The former Governor of Massachusetts certainly was not the favourite when he set out. Even after he won his party’s nomination, choosing as his running mate Paul Ryan to inspire ultraconservative ideologues, it was hard for Romney to claw even with Obama’s lead. Some analysts felt the game was already almost played out.
Norm Ornstein, with the American Enterprise Institute, said: “There is a lot of nervousness about Romney among Republicans. He has run a poor campaign since he won nomination, there is no doubt about that.”
The Republican nominee for the White House offended his hosts when he visited London, by casting doubt on their security arrangements for the Olympic Games. The media called him a twit and a party-pooper.
He distanced the Palestinians and other Arabs on his reaching out trip to a divided and hotly contested city, with this geopolitical gaffe:
Romney: “It’s a deeply moving experience to be in Jerusalem, the capital of Israel.”
Debating foreign policy, Romney repeated an error which he had made several times before, ignoring that Iraq lies between Iran and Syria.
Romney: “Syria is an opportunity for us because Syria plays an important role in the Middle East, particularly right now. Syria is Iran’s only ally in the Arab world. It’s their route to the sea.”
The former businessman felt better talking about the economy, but he was dropped deep in discomfort when a video was leaked in which he said 47 percent of Americans do not pay income taxes, are dependent upon government, and believe they are victims. The challenger did some hard pedalling after that one.
Romney: “The President’s approach is attractive to people that are not paying taxes. Frankly, my discussion about lowering taxes isn’t as attractive to them, and therefore I am not likely to draw them in to my campaign as affectively as those who are in the middle.”
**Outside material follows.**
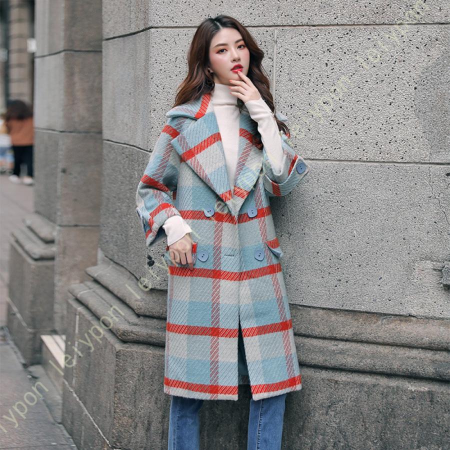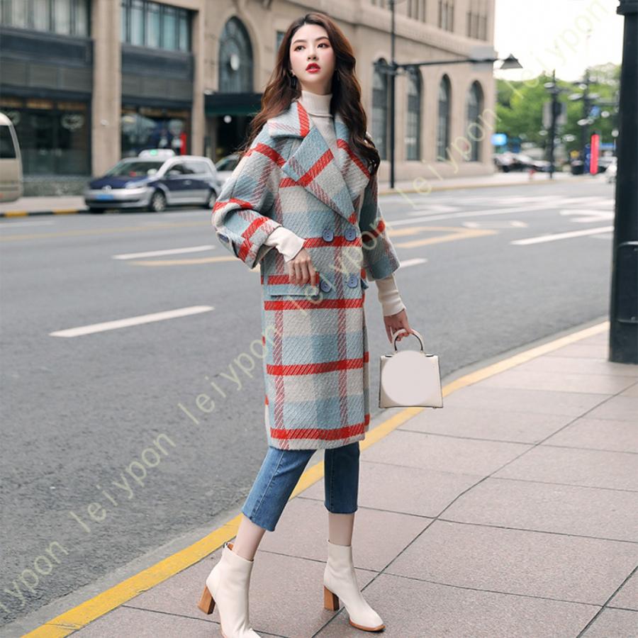 チェスターコート レディース チェック柄 スリム ロングコート アウター 厚手 ロングコート 秋 冬 韓国ファッション アウター ラシャコート レディースコート

But Romney was well warmed up for speaking in public, while the incumbent was not. And so, Romney outscored Obama in their first televised debate.
Romney: “My number one principle is there will be no tax cut that adds to the deficit. I want to underline that. No tax cut that adds to the deficit. But I do want to reduce the burden being paid by middle-income Americans. And to do that, that also means I cannot reduce the burden paid by high-income Americans.”
As the rivals went into the home stretch, the severe weather added more unpredictable elements, along with the final pre-election snapshot of employment across the US.